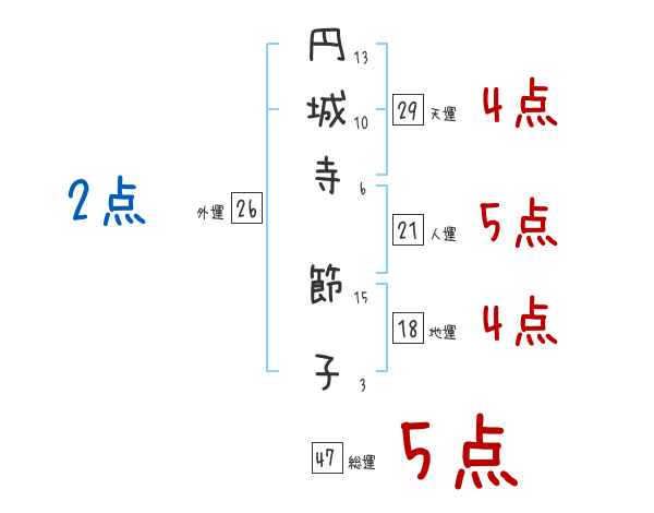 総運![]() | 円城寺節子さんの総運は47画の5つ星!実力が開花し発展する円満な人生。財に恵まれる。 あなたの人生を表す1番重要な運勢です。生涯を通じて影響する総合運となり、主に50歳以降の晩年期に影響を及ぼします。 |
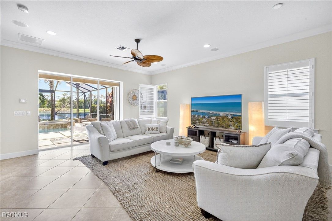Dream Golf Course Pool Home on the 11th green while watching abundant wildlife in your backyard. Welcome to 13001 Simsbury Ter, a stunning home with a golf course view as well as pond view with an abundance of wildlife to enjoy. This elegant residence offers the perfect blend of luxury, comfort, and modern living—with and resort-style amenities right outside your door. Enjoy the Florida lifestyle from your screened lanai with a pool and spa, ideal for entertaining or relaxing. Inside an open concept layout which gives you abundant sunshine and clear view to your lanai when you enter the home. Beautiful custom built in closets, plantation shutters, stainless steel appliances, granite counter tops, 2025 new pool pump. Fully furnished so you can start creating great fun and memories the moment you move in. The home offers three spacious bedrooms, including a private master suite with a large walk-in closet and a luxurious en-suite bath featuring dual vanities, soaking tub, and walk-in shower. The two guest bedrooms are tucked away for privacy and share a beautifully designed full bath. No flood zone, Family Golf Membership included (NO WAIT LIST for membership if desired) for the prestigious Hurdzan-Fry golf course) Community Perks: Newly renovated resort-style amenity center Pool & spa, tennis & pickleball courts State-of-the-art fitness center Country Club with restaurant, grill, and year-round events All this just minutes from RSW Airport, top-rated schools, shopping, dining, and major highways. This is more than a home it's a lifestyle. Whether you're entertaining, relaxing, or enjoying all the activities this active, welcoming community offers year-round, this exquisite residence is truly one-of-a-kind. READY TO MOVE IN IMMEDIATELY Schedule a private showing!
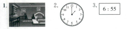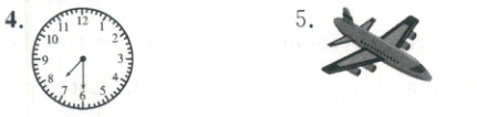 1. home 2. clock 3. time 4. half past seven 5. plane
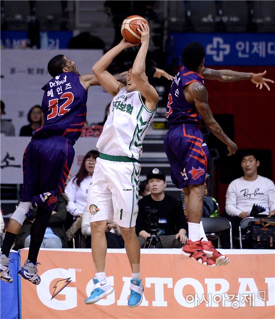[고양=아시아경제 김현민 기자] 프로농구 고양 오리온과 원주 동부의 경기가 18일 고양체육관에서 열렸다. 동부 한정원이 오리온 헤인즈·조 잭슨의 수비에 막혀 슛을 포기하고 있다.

---------------

**Exercise description:** Return the material word for word, images omitted.

**Answer to this task:**
 総運![]() | 円城寺節子さんの総運は47画の5つ星!実力が開花し発展する円満な人生。財に恵まれる。 あなたの人生を表す1番重要な運勢です。生涯を通じて影響する総合運となり、主に50歳以降の晩年期に影響を及ぼします。 |
Dream Golf Course Pool Home on the 11th green while watching abundant wildlife in your backyard. Welcome to 13001 Simsbury Ter, a stunning home with a golf course view as well as pond view with an abundance of wildlife to enjoy. This elegant residence offers the perfect blend of luxury, comfort, and modern living—with and resort-style amenities right outside your door. Enjoy the Florida lifestyle from your screened lanai with a pool and spa, ideal for entertaining or relaxing. Inside an open concept layout which gives you abundant sunshine and clear view to your lanai when you enter the home. Beautiful custom built in closets, plantation shutters, stainless steel appliances, granite counter tops, 2025 new pool pump. Fully furnished so you can start creating great fun and memories the moment you move in. The home offers three spacious bedrooms, including a private master suite with a large walk-in closet and a luxurious en-suite bath featuring dual vanities, soaking tub, and walk-in shower. The two guest bedrooms are tucked away for privacy and share a beautifully designed full bath. No flood zone, Family Golf Membership included (NO WAIT LIST for membership if desired) for the prestigious Hurdzan-Fry golf course) Community Perks: Newly renovated resort-style amenity center Pool & spa, tennis & pickleball courts State-of-the-art fitness center Country Club with restaurant, grill, and year-round events All this just minutes from RSW Airport, top-rated schools, shopping, dining, and major highways. This is more than a home it's a lifestyle. Whether you're entertaining, relaxing, or enjoying all the activities this active, welcoming community offers year-round, this exquisite residence is truly one-of-a-kind. READY TO MOVE IN IMMEDIATELY Schedule a private showing!
 1. home 2. clock 3. time 4. half past seven 5. plane
[고양=아시아경제 김현민 기자] 프로농구 고양 오리온과 원주 동부의 경기가 18일 고양체육관에서 열렸다. 동부 한정원이 오리온 헤인즈·조 잭슨의 수비에 막혀 슛을 포기하고 있다.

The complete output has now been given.